(DATA SEGMENT)
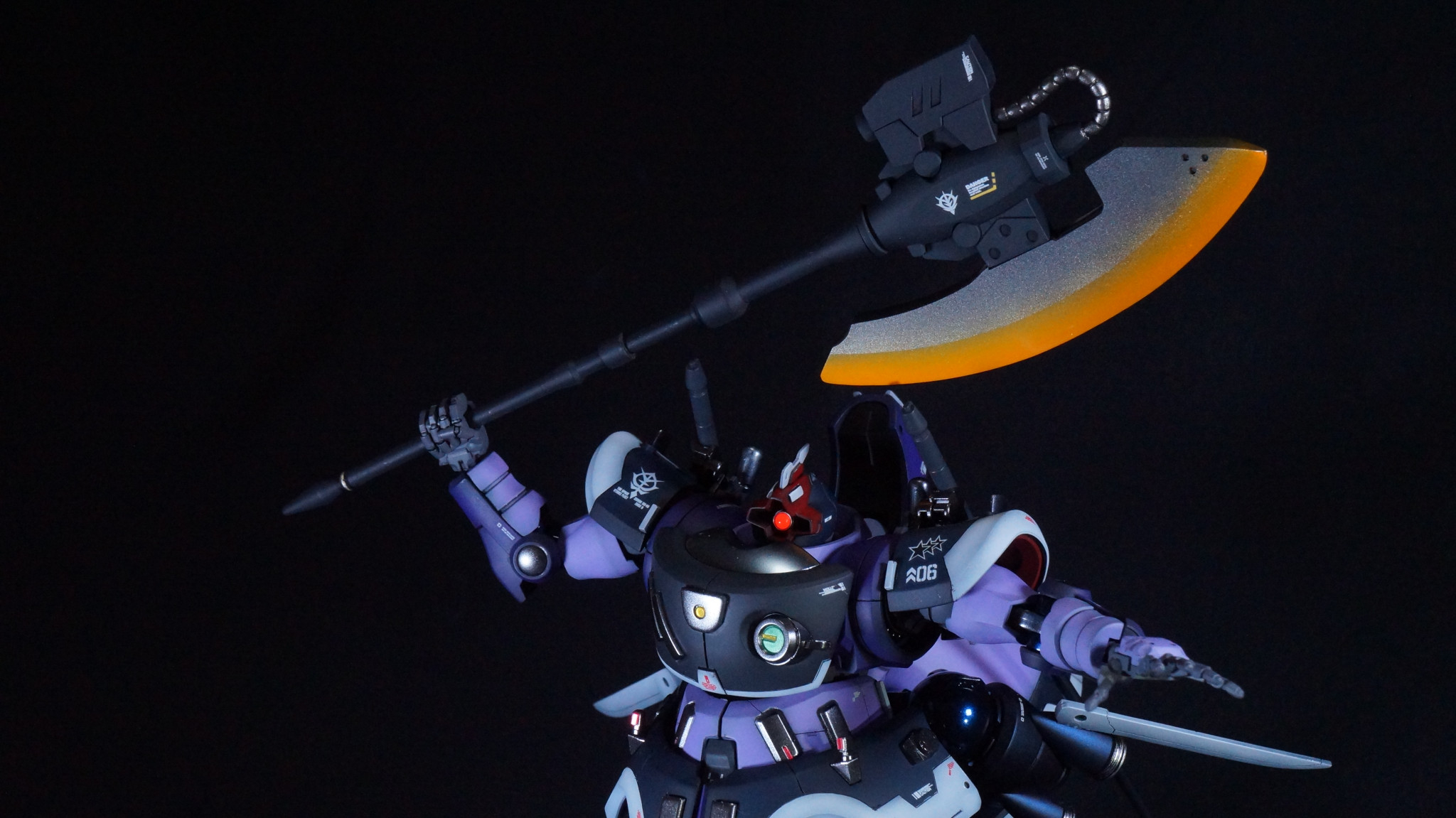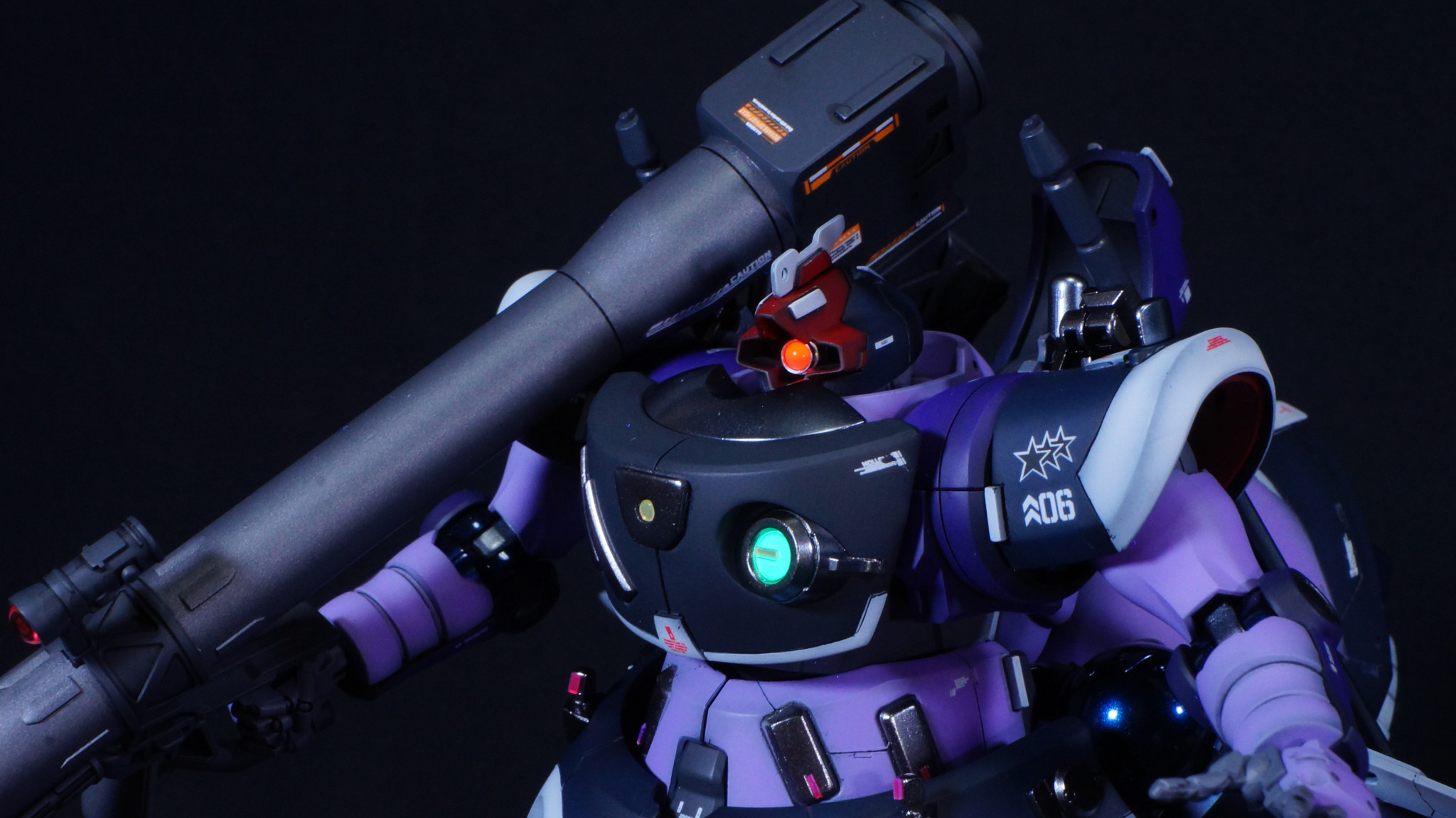 モノアイはハイキューパーツのルミドームとベース部にSPプレートを使っています。胸部のフラッシュライト的な?緑色の部分ともどもUVライトで光ります。(zaku-kao5)
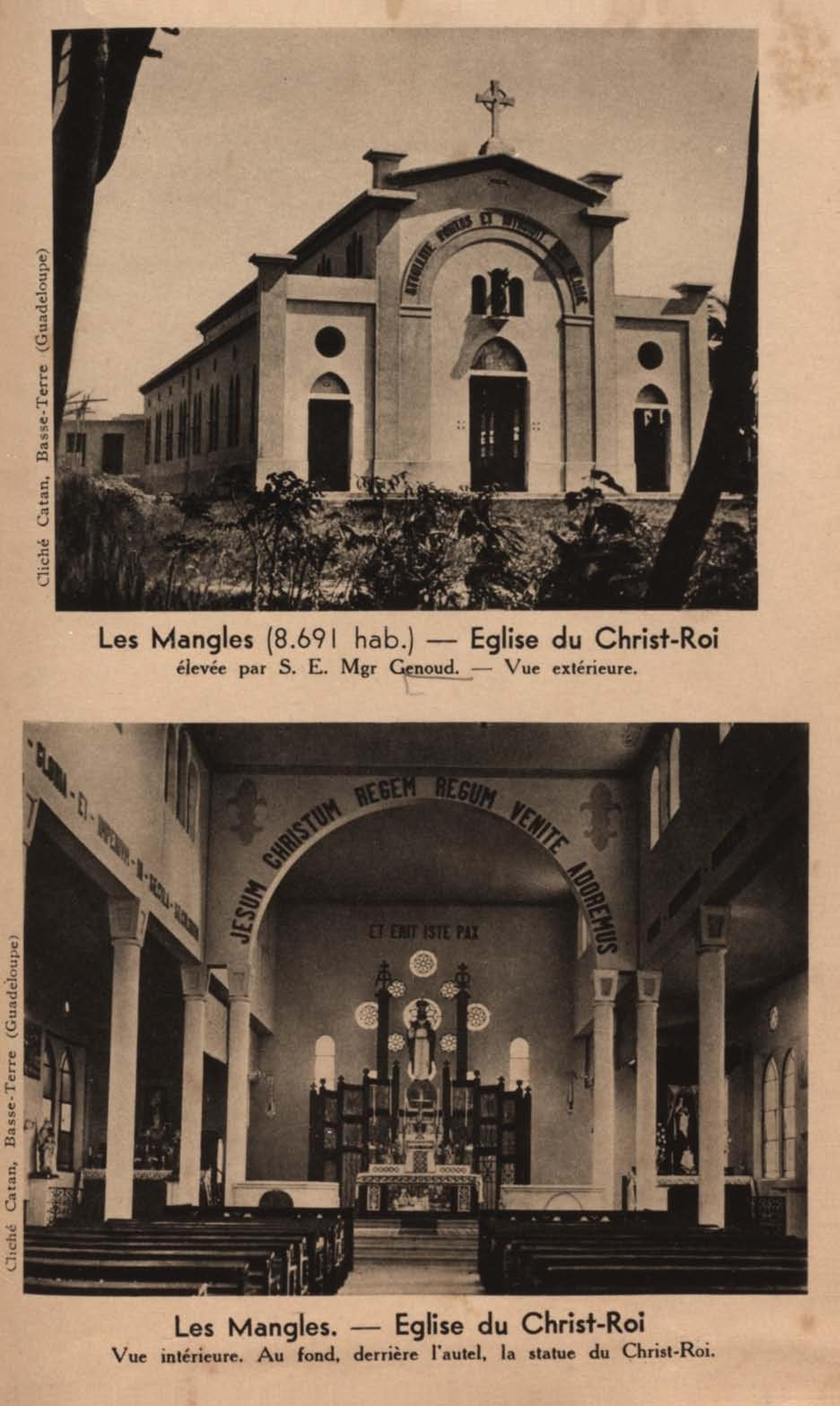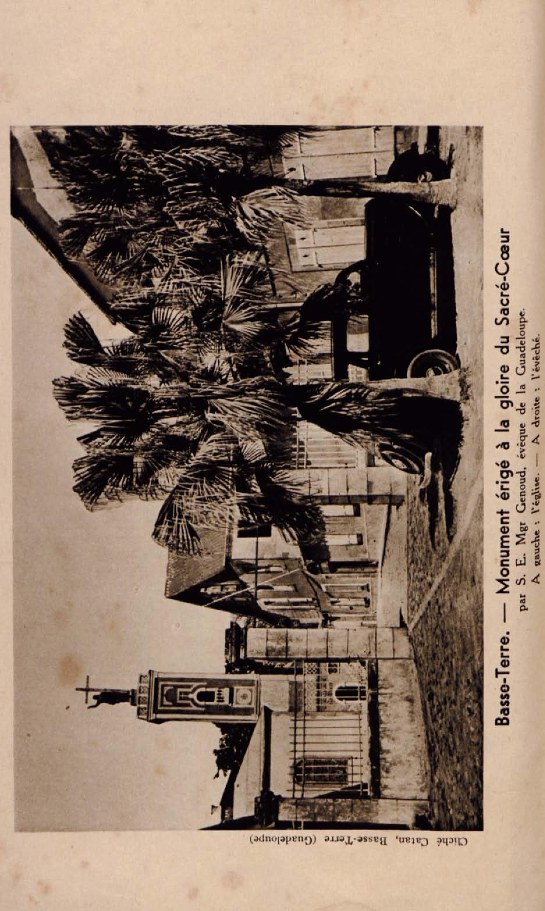 Basse-Terre - Monument érigé à la gloire du Sacré-Coeur par S.E. Mgr Genoud, évêque de la Guadeloupe. A gauche : l'église.- A droite : l'évêché
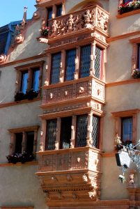 Cette maison aussi appelée « Maison des Têtes » en raison de nombreuses têtes grimaçantes qui ornent sa façade. Il y en a exactement 106. Vous pouvez vous amuser à les recompter.
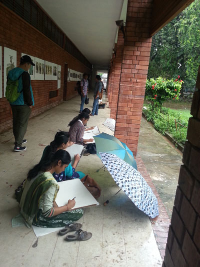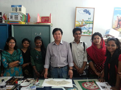 在孟加拉访问期间到达卡大学、拉杰沙西大学等学校参观艺术交流
(End DATA SEGMENT)
Reproduce, exactly and without pictures, the lines above from the one containing "Cette maison aussi" through the last line of the material, both ends included, and nothing more.

 Cette maison aussi appelée « Maison des Têtes » en raison de nombreuses têtes grimaçantes qui ornent sa façade. Il y en a exactement 106. Vous pouvez vous amuser à les recompter.
 在孟加拉访问期间到达卡大学、拉杰沙西大学等学校参观艺术交流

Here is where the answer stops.